> WORK TASK
Leave every picture out and give back the lines below from the first through the line that holds "9月2日晚,外语系全体新生与", exactly as written.

RECORD EXCERPTS: Begin

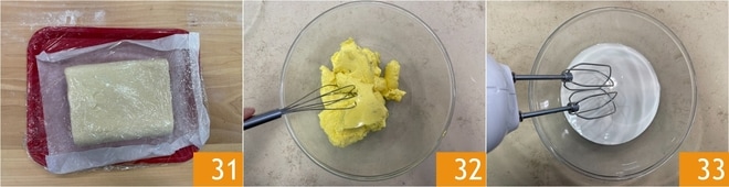 Lassen Sie ihn erneut 30 Minuten im Kühlschrank ruhen, indem Sie den Block mit Frischhaltefolie umhüllen 31. In der Zwischenzeit holen Sie die Creme und machen Sie sie mit dem Schneebesen weich 32. In einer separaten Schüssel schlagen Sie die Sahne mit dem Schneebesen 33.
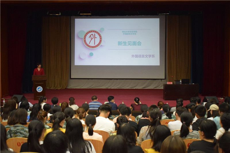 9月2日晚,外语系全体新生与部分教师相聚于一教多功能厅,参加新生见面会。外语系主任肖德法教授、党总支书记张廷国教授、副主任于巧丽老师、主任助理张丽老师、各位教研室主任、新生班主任出席此次见面会。
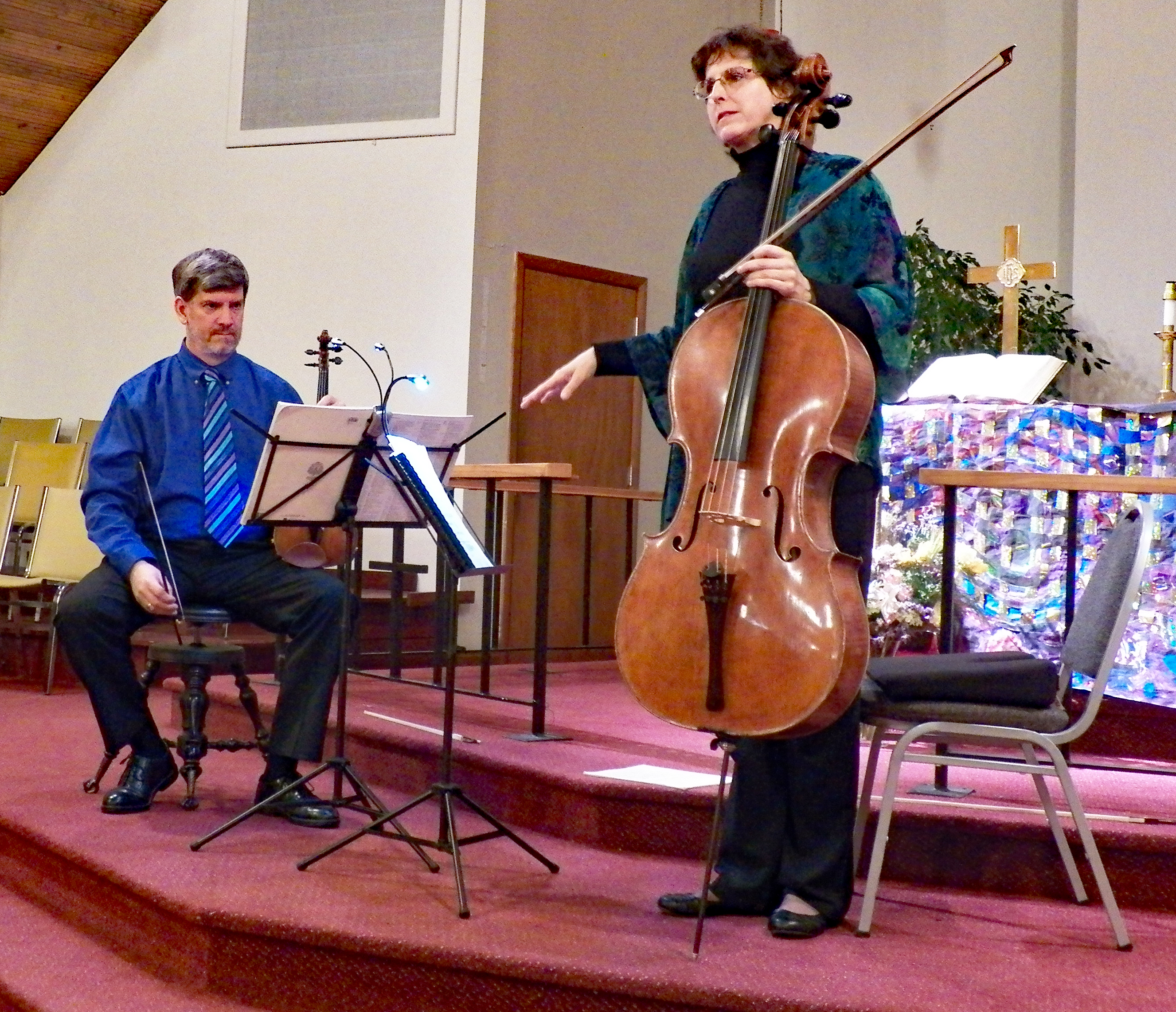 Both college professors of music, Johannes Dietrich and Marie-Aline Cadieux stopped in Cape Elizabeth for the performance as a favor to our church’s Mark Braun. Marie-Aline is the daughter of Mark’s first piano teacher when he was in the fourth grade in Minneapolis. Mark and Marie-Aline only got in touch for the first time earlier this year and the afternoon before Saturday’s performance was the first time they had met.
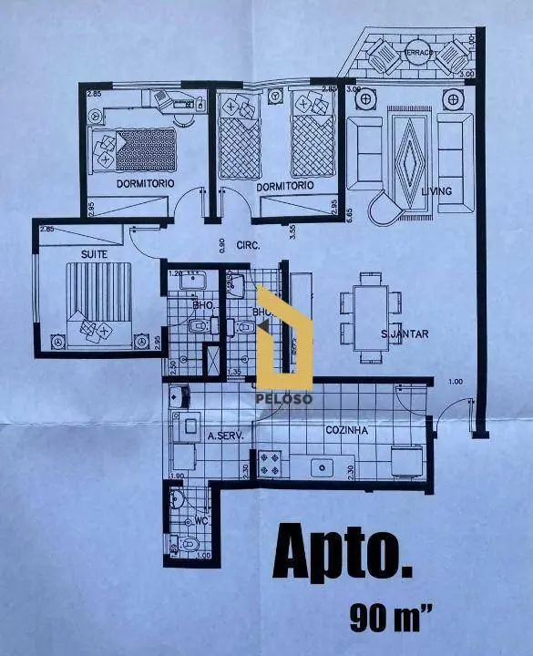 Com 3 dormitórios sendo 1 suíte, sala para 2 ambientes com varanda, cozinha, banheiro social, lavanderia, área de serviço com banheiro.
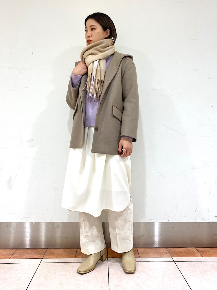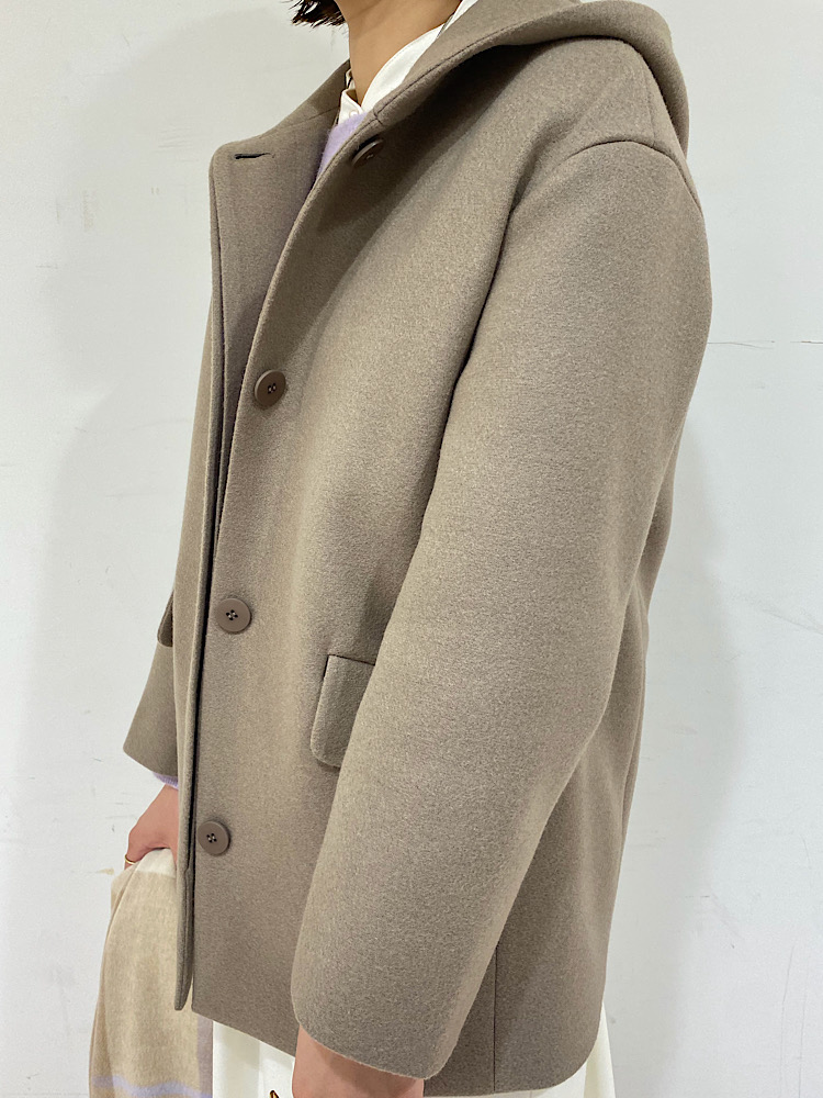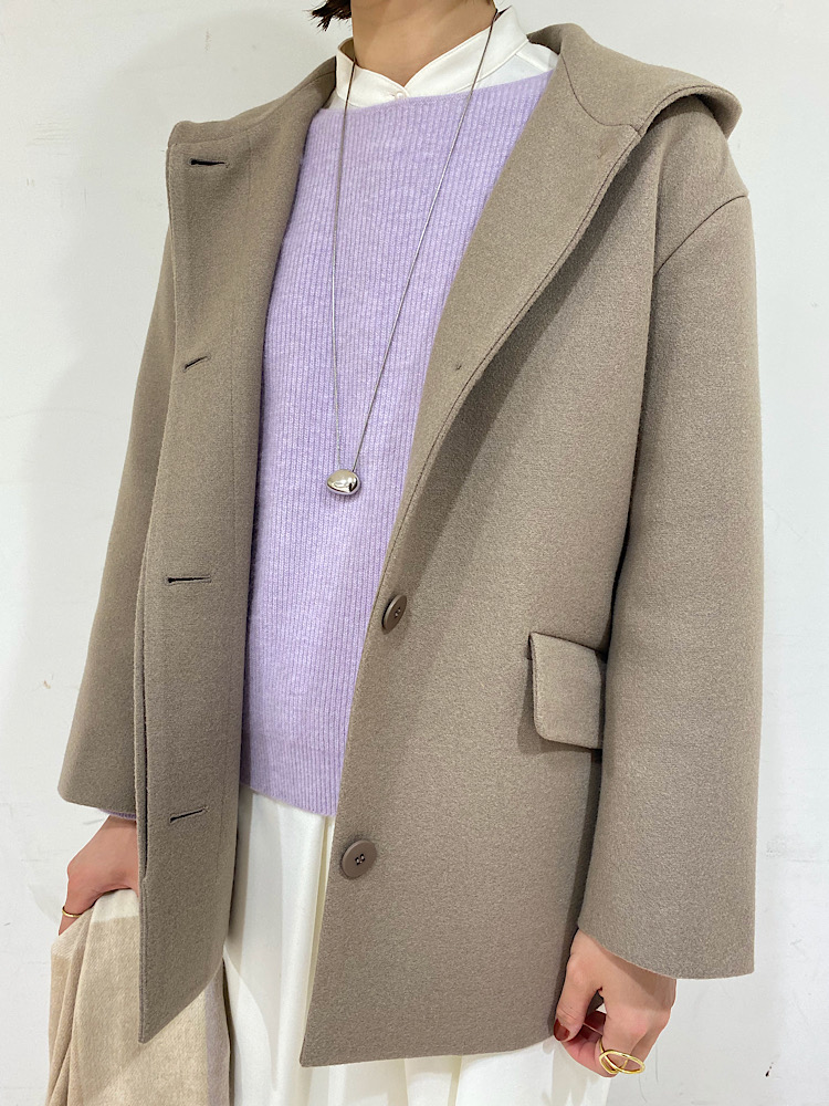すっきり見えするが、ややドロップショルダーになっているため、ニットなどもごわつくことなく着れる。

RECORD EXCERPTS: End

> RESPONSE BELOW
 Lassen Sie ihn erneut 30 Minuten im Kühlschrank ruhen, indem Sie den Block mit Frischhaltefolie umhüllen 31. In der Zwischenzeit holen Sie die Creme und machen Sie sie mit dem Schneebesen weich 32. In einer separaten Schüssel schlagen Sie die Sahne mit dem Schneebesen 33.
 9月2日晚,外语系全体新生与部分教师相聚于一教多功能厅,参加新生见面会。外语系主任肖德法教授、党总支书记张廷国教授、副主任于巧丽老师、主任助理张丽老师、各位教研室主任、新生班主任出席此次见面会。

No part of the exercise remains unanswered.